*** Materials provided ***

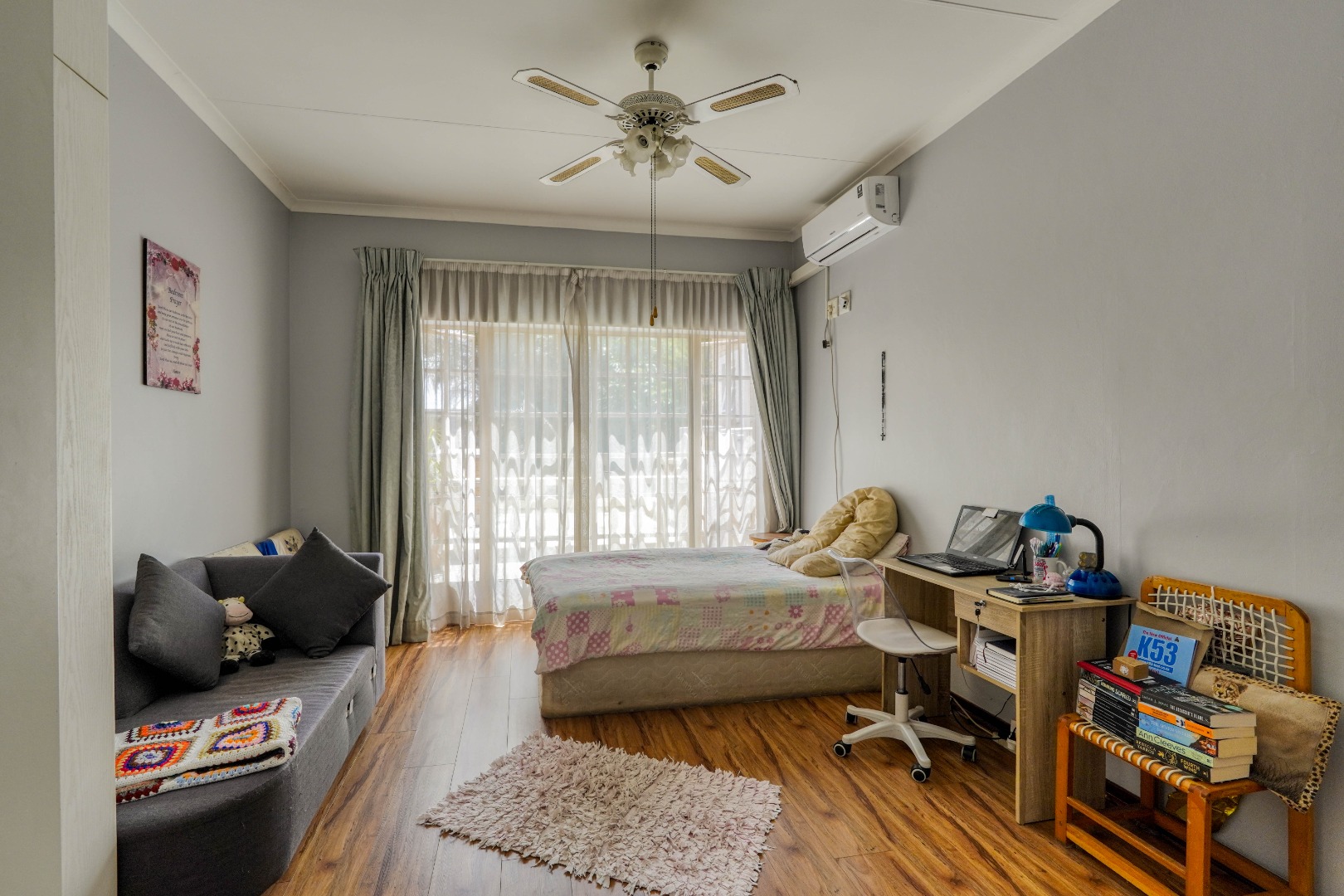 The ground floor welcomes you into a cosy lounge that flows naturally into an open plan kitchen and dining area. This layout creates a connected living space where cooking, dining, and relaxing come together with ease. The entertainment and braai area extends the living space outdoors, overlooking a small, manageable garden that is perfect for relaxed weekends and easy upkeep.
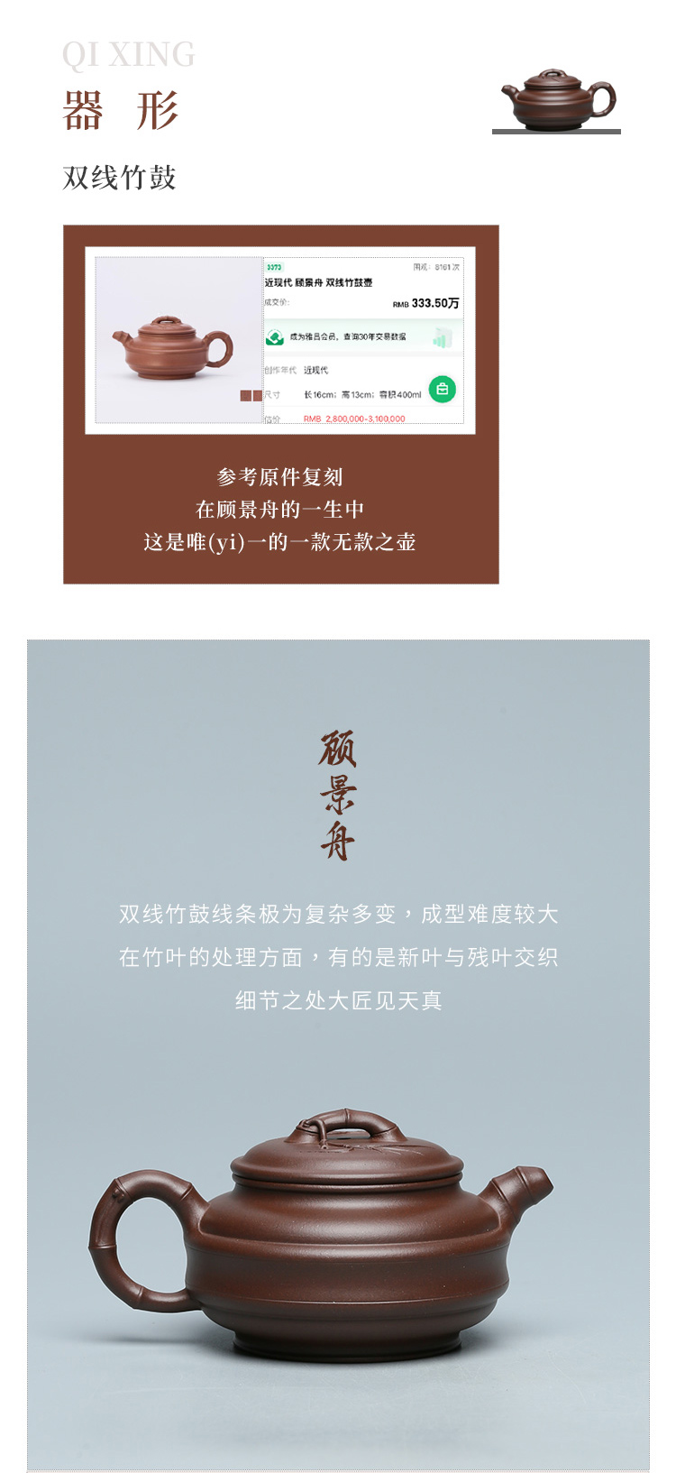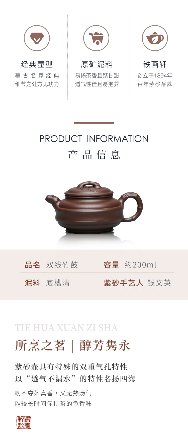 百年紫砂品牌铁画轩出品 双线竹鼓紫砂壶
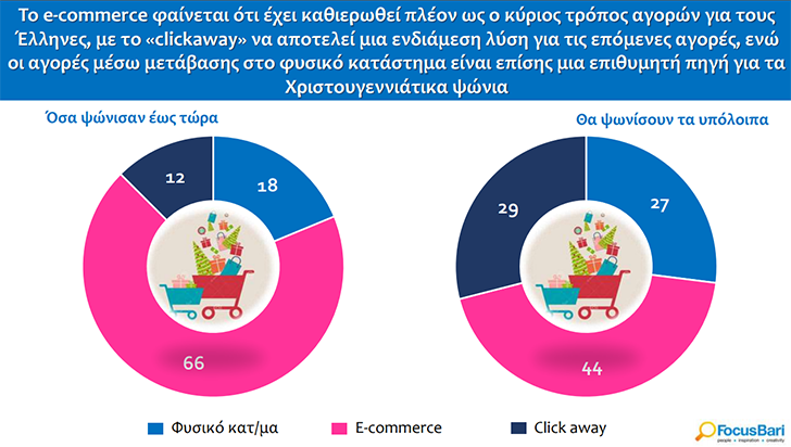 Στο μεταξύ, απ’ όσους Έλληνες δεν έχουν κάνει ακόμη τις εορταστικές αγορές, ένα ποσοστό 44% απαντά ότι θα το κάνει online. Υπάρχει και ένα ποσοστό αρκετά σημαντικό, της τάξης του 27%, που απαντά ότι θα χρησιμοποιήσει τη μέθοδο “click away”.
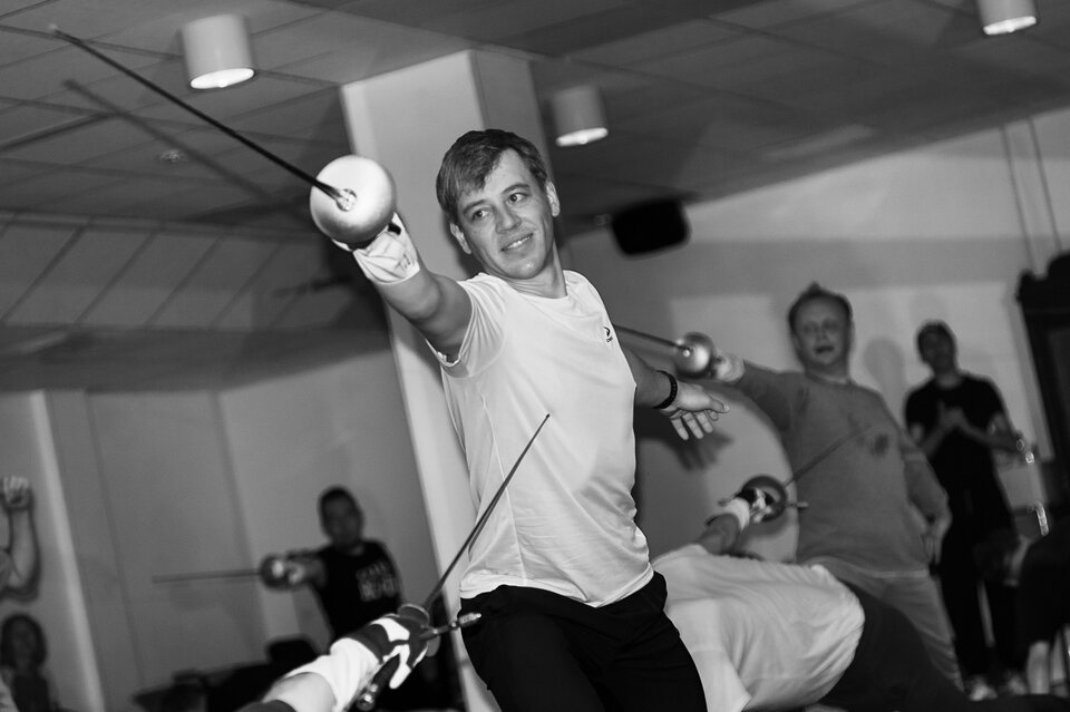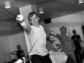 Остриё шпаг, скрещённых в танце смерти, чести и безрассудства.
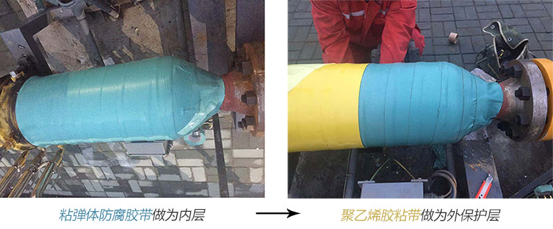 2018年度西氣東輸合肥站改造工程中整體埋地管路,閥室管件,地上高低壓分界點(diǎn)部位,選用了粘彈體防腐膠帶做為內(nèi)層防腐蝕主要材料,聚乙烯冷纏帶做為外保護(hù)層的工藝。效果非常好,一次性通過質(zhì)量驗(yàn)收。
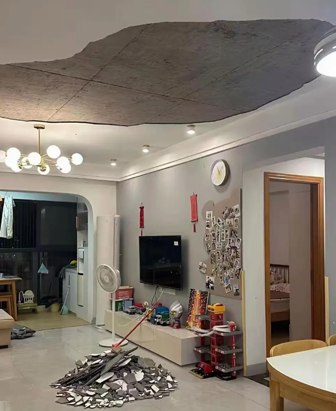 我家也掉了,但我不说是楼上的问题[抠鼻]装修的时候顶上没铲干净
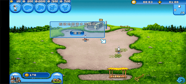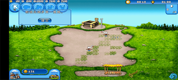 3、进入关卡后,先点击地面种植牧草,防止鹅因饥饿而死亡。
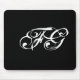 Custom Initials Modern Chic Black & White Mouse Pad. Fantastic Freaky Geek style customisable double initial monogram in white scripty text on black. Great for gamers, and other mouse lovers.
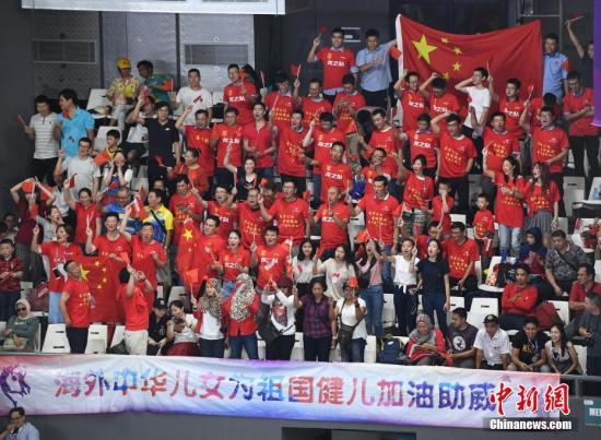 图为中国观众为中国女排加油助威。中新社记者 侯宇 摄

*** End of Materials provided ***

■ Problem to solve ■
Print exactly the lines from the line with "Custom Initials Modern" through the end of the data, both ends included, and print no pictures.

■ Finished task ■
 Custom Initials Modern Chic Black & White Mouse Pad. Fantastic Freaky Geek style customisable double initial monogram in white scripty text on black. Great for gamers, and other mouse lovers.
 图为中国观众为中国女排加油助威。中新社记者 侯宇 摄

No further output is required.